* _TASK DESCRIPTION_
Using the records that follow, reproduce exactly the lines starting at the line containing "- Universal: Strong" and ending at the line containing "Overnight, Russian president". Include both end lines and no pictures.

* _DATA PROVIDED_
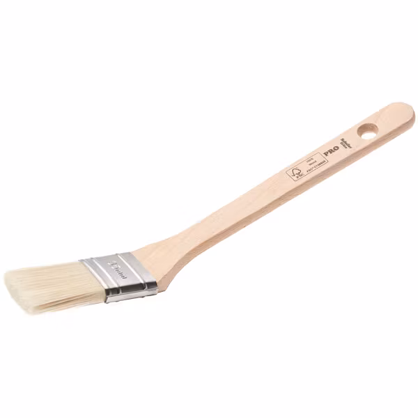 Mixborst av natur och syntetfibrer. Detta garanterar förstklassiga resultat för de flesta typer av målningsuppgifter. Rostfritt stålband, hellimmat, obehandlat skaft av FSC-certifierat bokträ
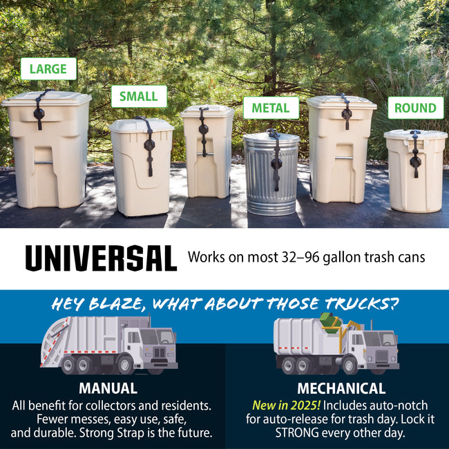 - Universal: Strong Strap™ attaches to most 32–95 gallon garbage can that has a handle.
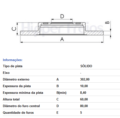 Disco De Freio Tras Solido S/cubo Mitsubishi Asx - 2.0 2008-> Outlander - 2.0 2008->
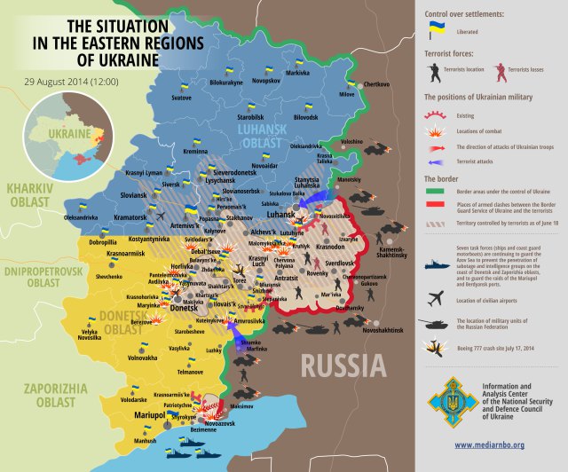 Overnight, Russian president Vladimir Putin issued an appeal to the separatist groups to create a “humanitarian corridor” in order to allow besieged Ukrainian troops to return “to their mothers, wives and children.” But in addressing the rebels as the “Novorossiya militia,” he employed a provocative Czarist era term that implies Russian ownership of a big chunk of modern-day Ukraine. A separatist leader said that his forces would grant safe passage for Ukrainian troops to flee the fighting, on the condition that they left all of their weapons behind.
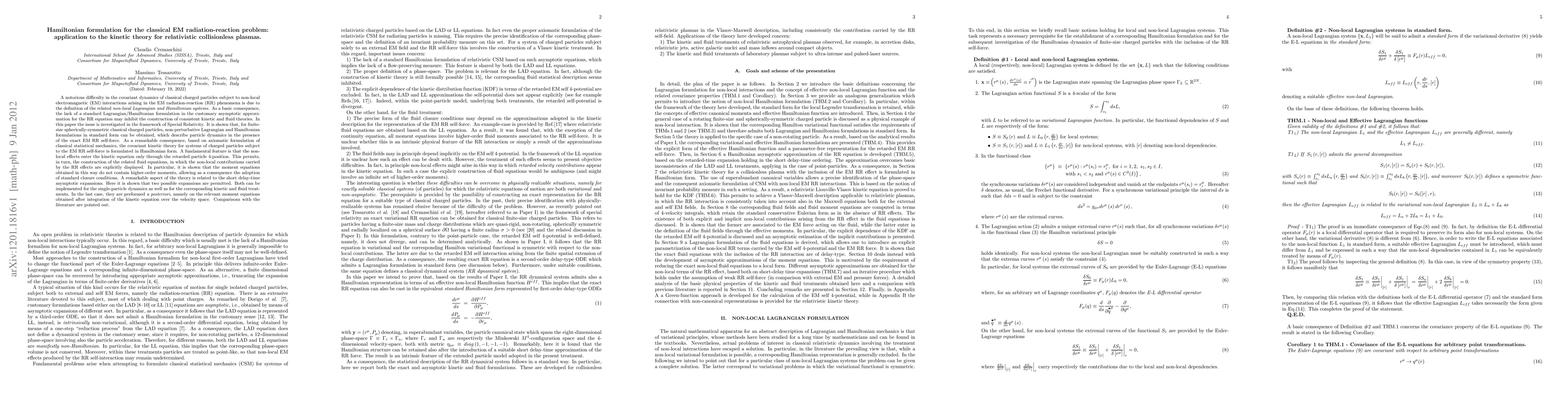 This paper develops a Hamiltonian formulation for the classical EM radiation-reaction problem, providing a non-perturbative Lagrangian and Hamiltonian framework for finite-size charged particles. It formulates a covariant kinetic theory for relativistic collisionless plasmas, ensuring non-local effects are incorporated through the retarded particle 4-position, facilitating the construction of non-local fluid equations without higher-order moments.
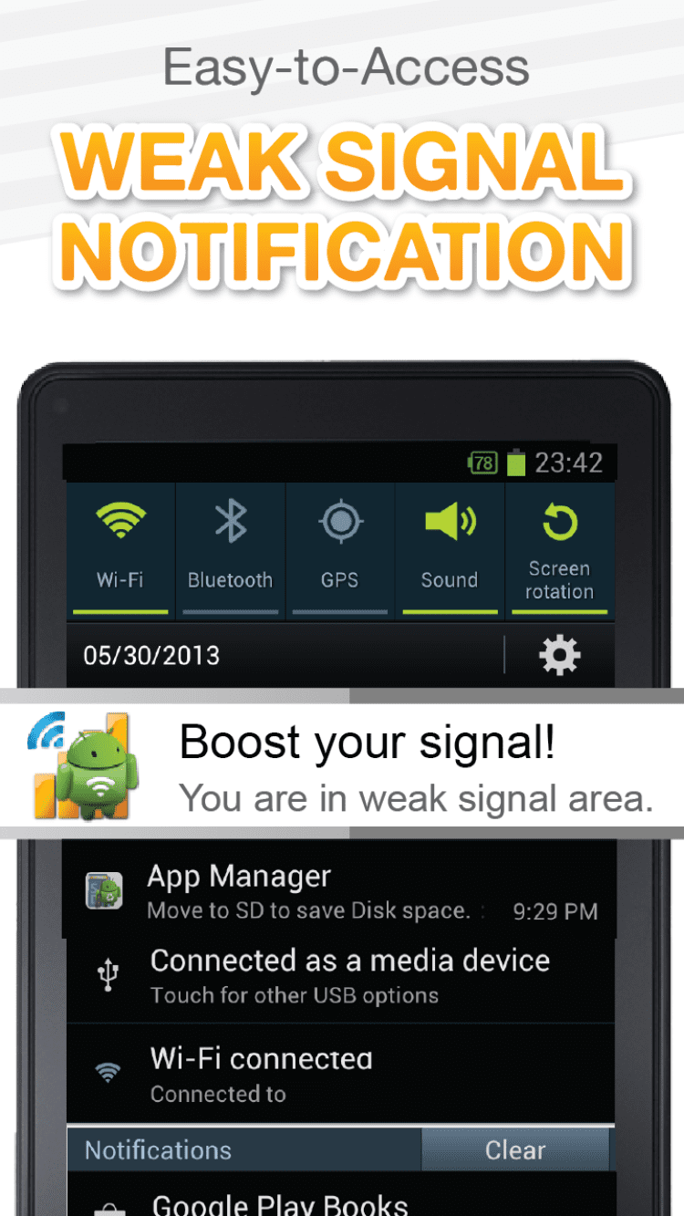 Signal Booster 2X (3G/4G/WIFI) Программа, которая поможет вам всего в одно нажатие перезагрузить точку доступа 3G/4G/LTE или Wi-Fi, что поможет заново подключиться к источнику сигнала и, вероятнее всего, улучшить качество сигнала. Если вы находитесь в месте со слабым приемом сигнала, программа так же уведомит вас об этом.

* _SOLUTION TO THIS EXERCISE_
 - Universal: Strong Strap™ attaches to most 32–95 gallon garbage can that has a handle.
 Disco De Freio Tras Solido S/cubo Mitsubishi Asx - 2.0 2008-> Outlander - 2.0 2008->
 Overnight, Russian president Vladimir Putin issued an appeal to the separatist groups to create a “humanitarian corridor” in order to allow besieged Ukrainian troops to return “to their mothers, wives and children.” But in addressing the rebels as the “Novorossiya militia,” he employed a provocative Czarist era term that implies Russian ownership of a big chunk of modern-day Ukraine. A separatist leader said that his forces would grant safe passage for Ukrainian troops to flee the fighting, on the condition that they left all of their weapons behind.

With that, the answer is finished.